In Sanjukta Asopa’s undeniably affecting haiku, an averted glance brings no psychic relief at all. Instead it puts a widespread human problem
into even sharper relief — yet it does so with utter dispassion.
Population experts at the United Nations estimate that fully one billion people live in the squatter settlements known as shanty towns. Such
settlements are rife with the worst contagions of impoverishment (crime, disease) and despair (substance abuse, suicide). The physical detritus
of civilization — salvaged or surplus scraps of plastic, plywood and corrugated metal — provides rough shelter to
the displaced and the human cast-offs of developing societies.

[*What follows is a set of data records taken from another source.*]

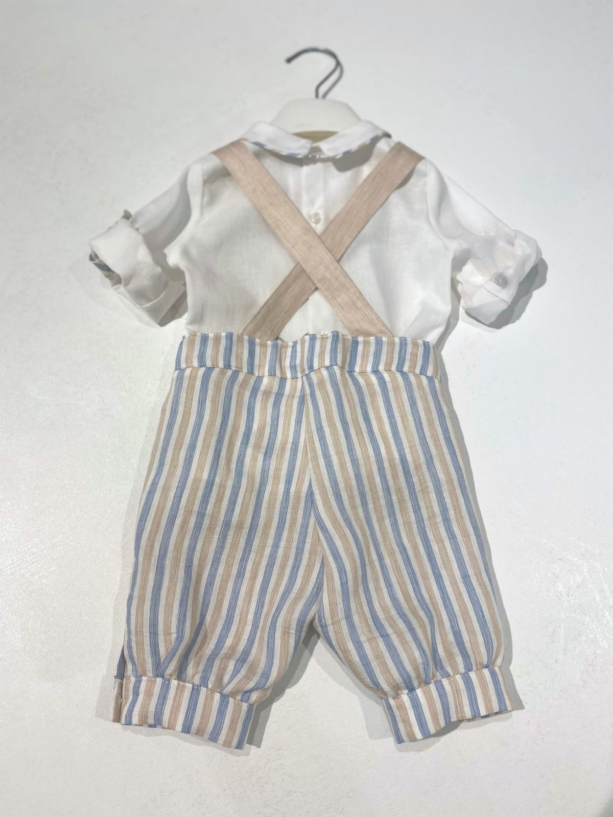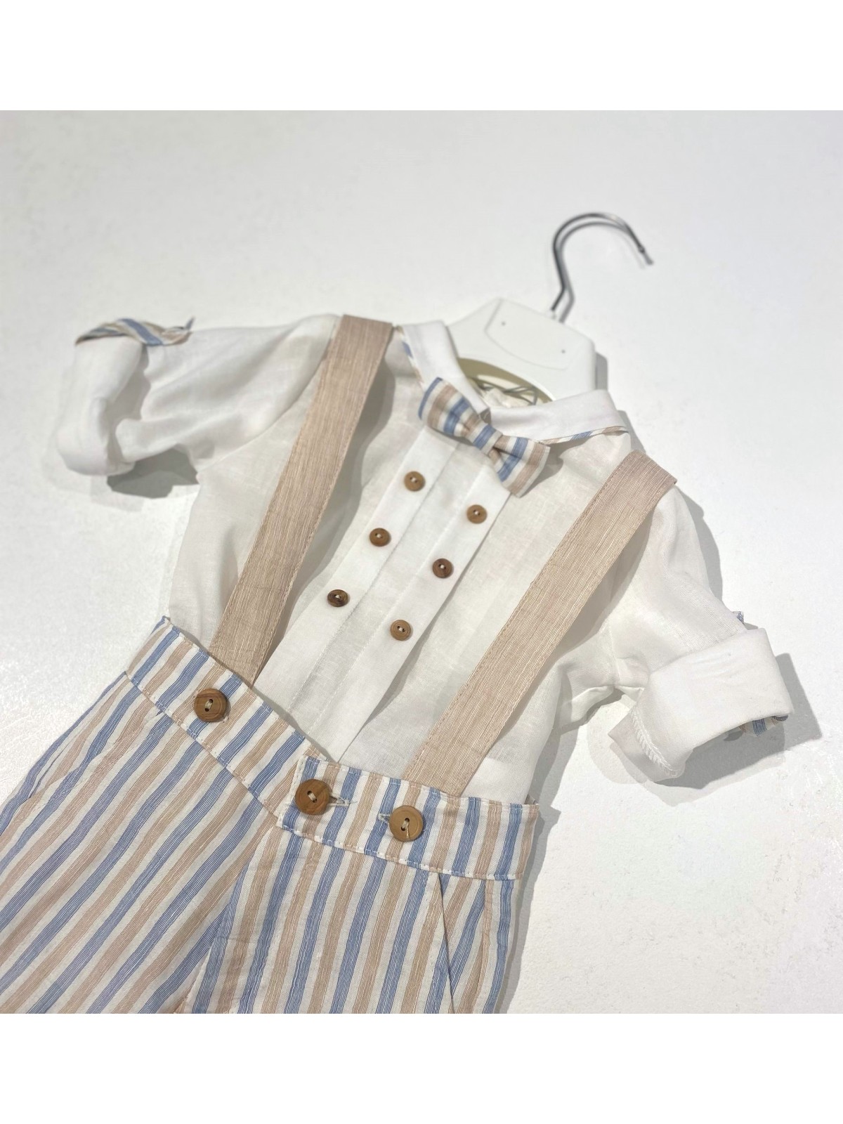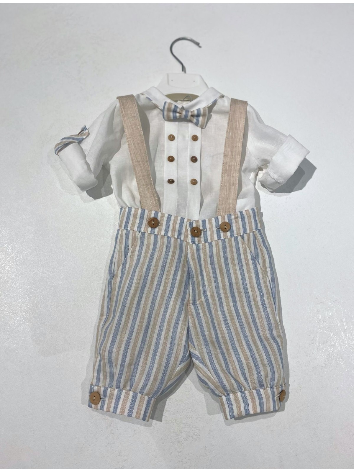 Completo battesimo composto da camicia bermuda e papillon. Camicia manica lunga con fettuccia per risvolto , con lavorazione centrale e bottoni in madreperla, ed apertura sul retro. Bermuda elegante , bretelle con asole per regolare la lunghezza, e bottoni in tinta . Papillon abbinato , removibile
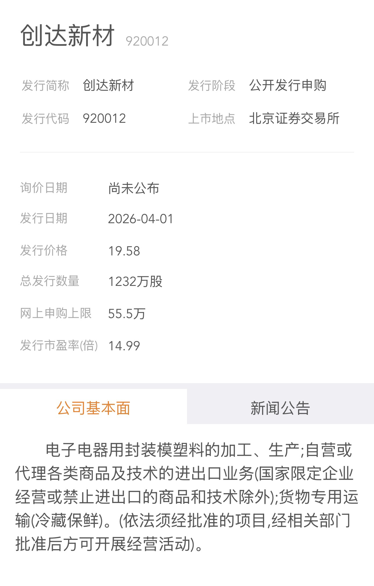 今天有一只新股申购。
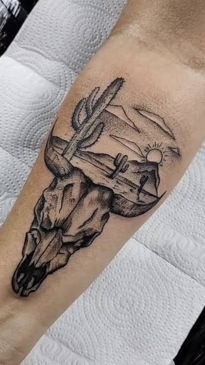Ideal for those who love western ideas with symbolism, this design fits forearms and calves well. The dotwork shading adds texture without overwhelming the eye, making it a great low-maintenance option that still feels thoughtful and strong.
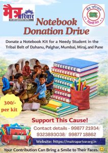 Maitra Parivar Trust has been implementing several social welfare projects like Vidyarthi Mitra, Aarogyamitra, Shravanmitra, Kaushalyamitra along with assisting senior citizens and Helping people in need during emergencies.
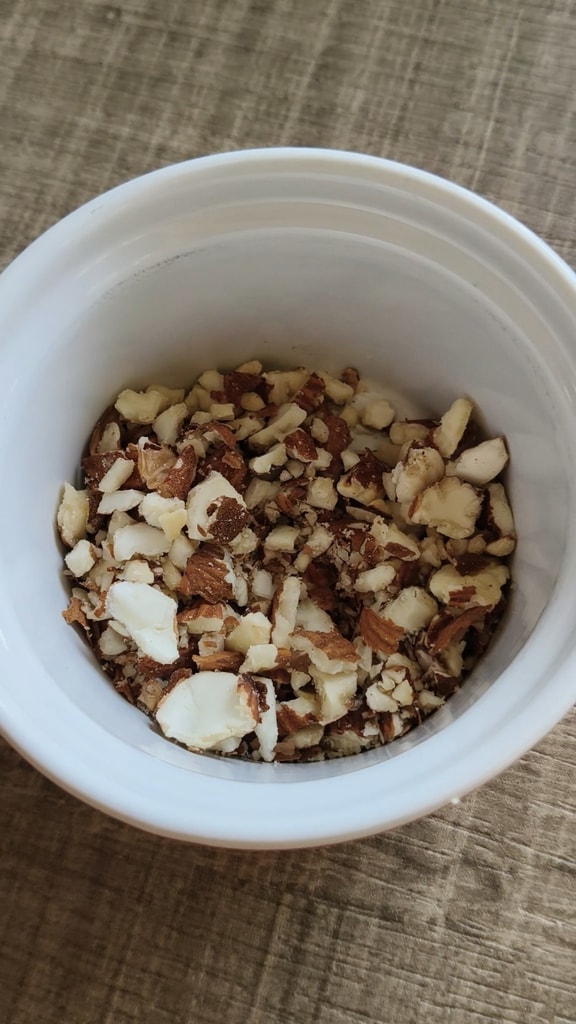 Fügen Sie die gehackten Mandeln hinzu: 10 Sek. – Rückwärtslauf – Stufe 3. In Eiswürfelbehälter gießen und einfrieren.
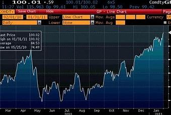 Las agitaciones en Egipto, y la preocupación por los envíos a través del canal de Suez, empujaron hoy al precio del petróleo por sobre los 100 dólares el barril, exactamente a los 101,08 dólares en la bolsa de Londres. Un dato curioso es que la OPEP, el cártel de países productores de petróleo, no se ha manifestado sobre al alza.
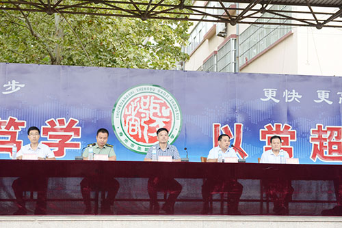 大会在雄壮的国歌声中拉开帷幕。党总支书记傅伟宗主持,黄本东校长作动员报告。上午7点40,分,傅伟宗书记宣布大会开始并向新生简要介绍了学校的历史、办学理念和历年来的辉煌成绩;黄本东校长对全体受训同学进行了军训动员。黄校长首先强调了高一高二军训的重要意义,接着对参训师生提出了期望,要求同学们把校园当军营,把操场当战场,训出素质,训出意志和力量;总教官和新生代表分别发言。
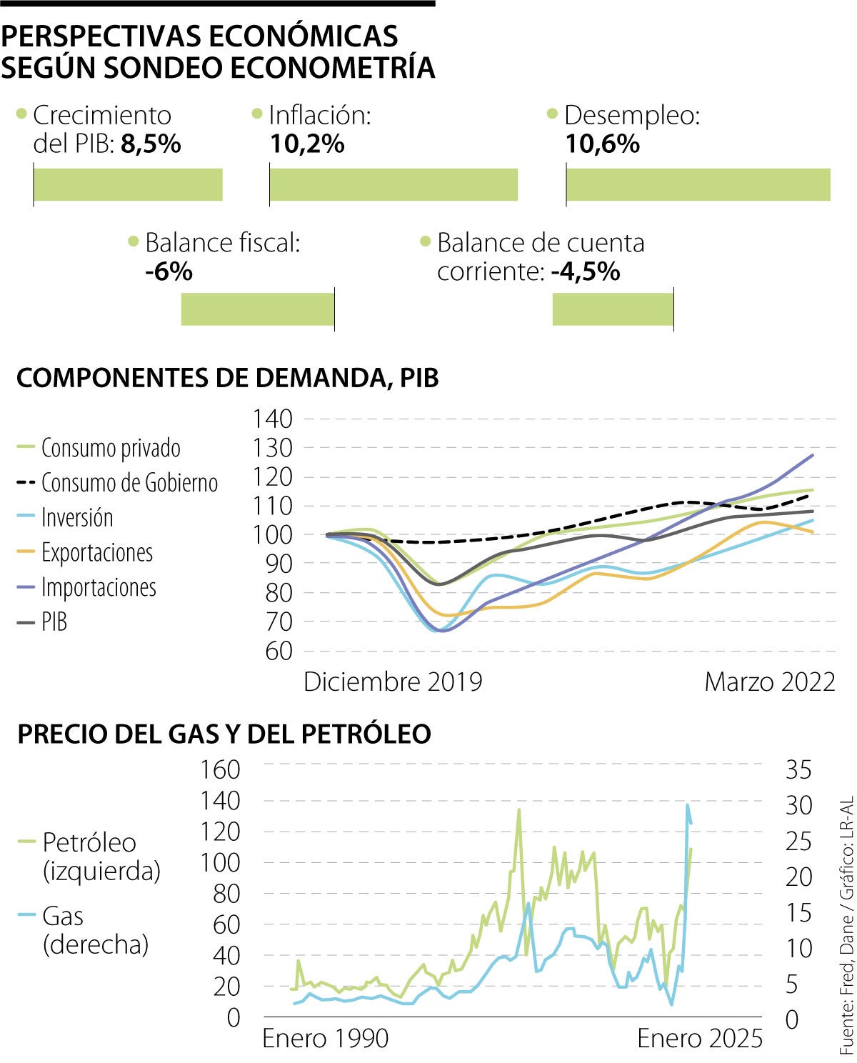 Econometría resume este capítulo con una proyección de 8,5% en el repunte del PIB en el consolidado de 2022, según su revisión nueva, vienen de una proyección de 6,3% en el reporte de febrero. El comentario de la entidad se basa en "desaceleración del consumo del Gobierno, subsidio a la gasolina, desaceleración del consumo de los hogares, inflación, agotamientos del efecto rebote y ahorros acumulados, exportaciones no han repuntado, pero lo harán, por el petróleo. Importaciones por las nubes, exceso de demanda, la inversión finalmente superó los niveles prepandemia".

These are compelling raw materials. But in a remarkable turn, Asopa’s poem takes us to the immaterial for even greater effect. We encounter
“moonlight,” though not the ethereal substance that holds romantics in its sway. This moonlight has been savaged. Ripped apart,
it’s become just one more casualty of the shanty town. (One of William Blake’s cautionary verses comes especially to mind here:
“The beggar’s rags, fluttering in air, / Does to rags the heavens tear.”)
Without histrionics or even a verb, this tiny poem contains a sweeping indictment: shanty towns not only challenge our collective humanity, they
stand in violation of some higher order.
Can such a poem make a difference? Blake might have wondered the same. Yet his poems helped to seed a consciousness that led to eventual reforms
in his native London and beyond. So too, perhaps, with a haiku like this issue’s Heron’s Nest Award winner. Every now and then,
the poem is mightier than the polemic.